Freedom of Speech Gets a Big Boost With New York’s Passage of Widely Expanded Anti-SLAPP Law

Media companies and publishers may finally be able to get some sleep in the city that never sleeps.  On November 10, 2020, Governor Cuomo signed legislation that vastly expanded First Amendment protections under New York’s anti-SLAPP law.  The amendment is effective immediately.

“SLAPP” stands for “Strategic Lawsuits Against Public Participation,” which Governor Cuomo characterizes as “frivolous litigation brought by affluent plaintiffs who have the ability to spend large sums of money by using expensive and time-consuming litigation to obstruct those exercising their right to free speech.” 

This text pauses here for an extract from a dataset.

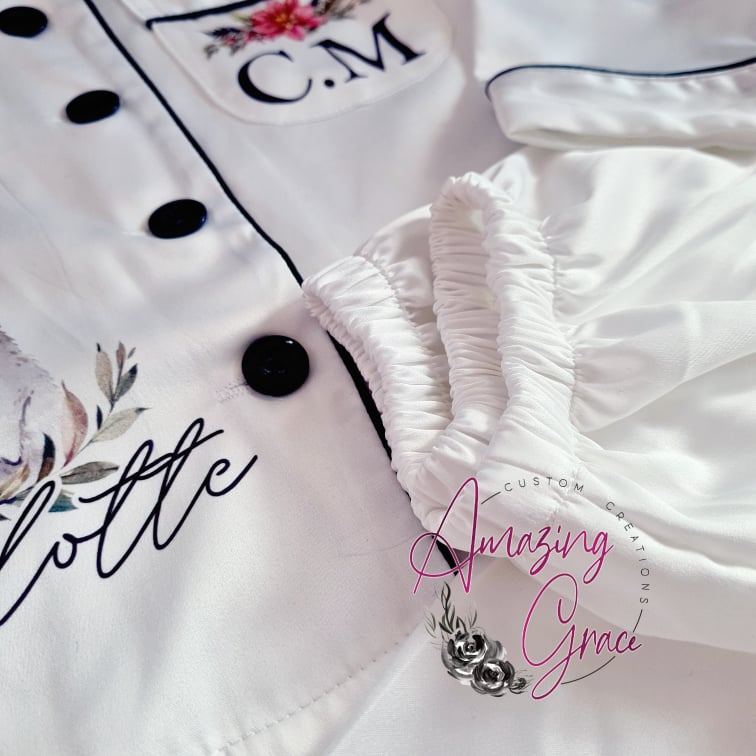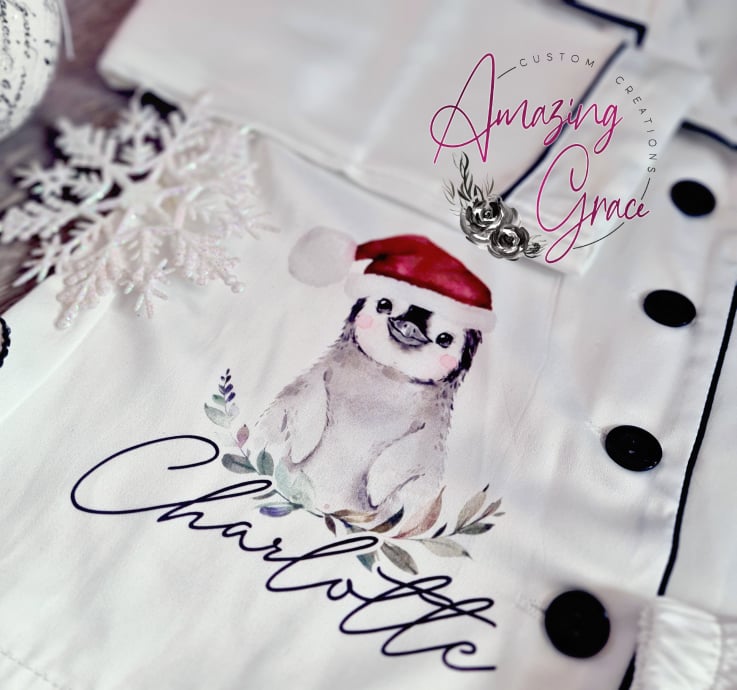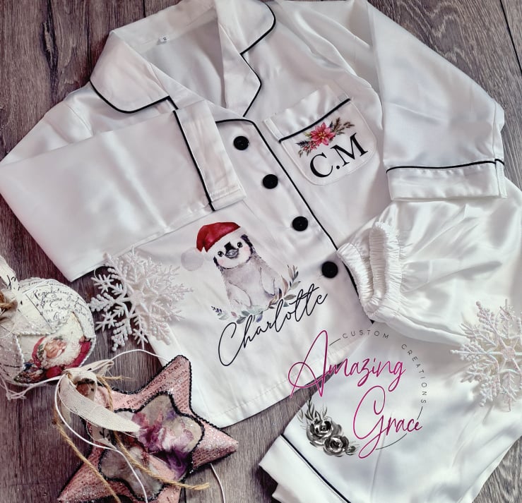 Stunning personalised Two piece long sleeved pyjama set, made using soft matt satin , including festive design and personalisation on the front and initials on the breast pocket
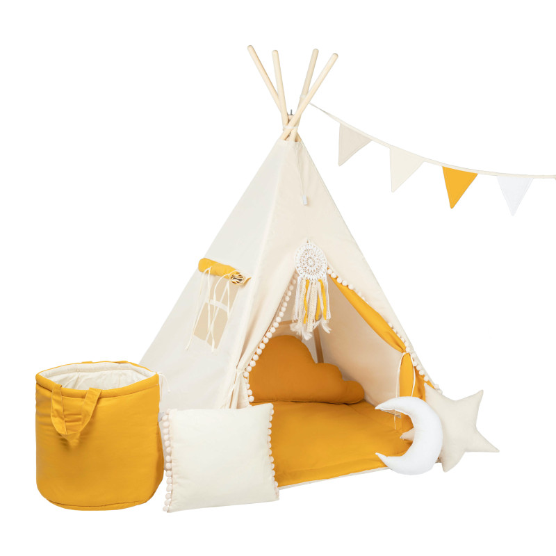 Týpí domeček se bezesporu stane jednou jednou z oblíbených her těch nejmenších. Omezený prostor stanu a příjemné vzory látek dodávají dítěti pohodlí a pocit bezpečí. Batole si dovnitř může vzít své oblíbené hračky nebo knížky a použitím dalších doplňků, jako jsou lampičky či různá světýlka, můžete uvnitř navodit příjemnou atmosféru. Děti rády používají týpí ke zklidnění před spaním. Pohodlná a měkká podložka, přivázaná k rámu bavlněnými provázky, je stabilním základem pro zcela bezpečnou hru a občas poslouží jako matrace, na které si můžete zdřímnout.

Anti-SLAPP laws exist in 30 states and the District of Columbia.  In states like California, anti-SLAPP laws have provided defendants with powerful protections against claims arising from the exercise of their “right of petition or free speech” in connection with a public issue—most notably, defamation and other claims attacking a person’s speech.  While New York has had an anti-SLAPP law on the books since 2008, the statute only covered claims arising from a public application or permit, limiting its reach mainly to real estate development disputes.  Media organizations and free speech advocates have long criticized New York—supposedly the media capital of the world—for having one of the weakest anti-SLAPP statutes in the country.

The amendment answers their call, bringing New York’s anti-SLAPP law in line with California’s, expanding the statute’s scope and procedural protections by:

  • Extending its application to claims based on any “communication in a . . . public forum in connection with an issue of public interest” or “any other lawful conduct in furtherance of the exercise of the constitutional right of free speech in connection with an issue of public interest, or in furtherance of the exercise of the constitutional right of petition.”
  • Directing courts to construe “public interest” broadly, meaning “any subject other than a purely private matter.”
  • Staying all discovery, hearings, and motions while an anti-SLAPP motion is pending.
  • Mandating (as opposed to allowing) courts to award attorneys’ fees to prevailing anti-SLAPP movants.

How will the new anti-SLAPP law play out in NY courts?  Will anti-SLAPP litigation become a mainstay in NY as it has in California?  Given the high volume of media cases filed in New York, that would seem likely, but we’ll have to see.

Another big issue is the extent to which New York’s anti-SLAPP statute will apply in federal courts.  In La Liberte v. Reid, No., 19-3574, 2020 WL 3980223 (2d Cir. July 15, 2020), the Second Circuit held that California’s anti-SLAPP statute did not apply in federal court, reasoning that the statute’s procedural framework conflicted with the Federal Rules of Civil Procedure.  Will that ruling extend to New York’s anti-SLAPP statute?  The adjudication of this issue has significant strategic and tactical implications for litigants on both sides of the “v.”  We will keep you posted.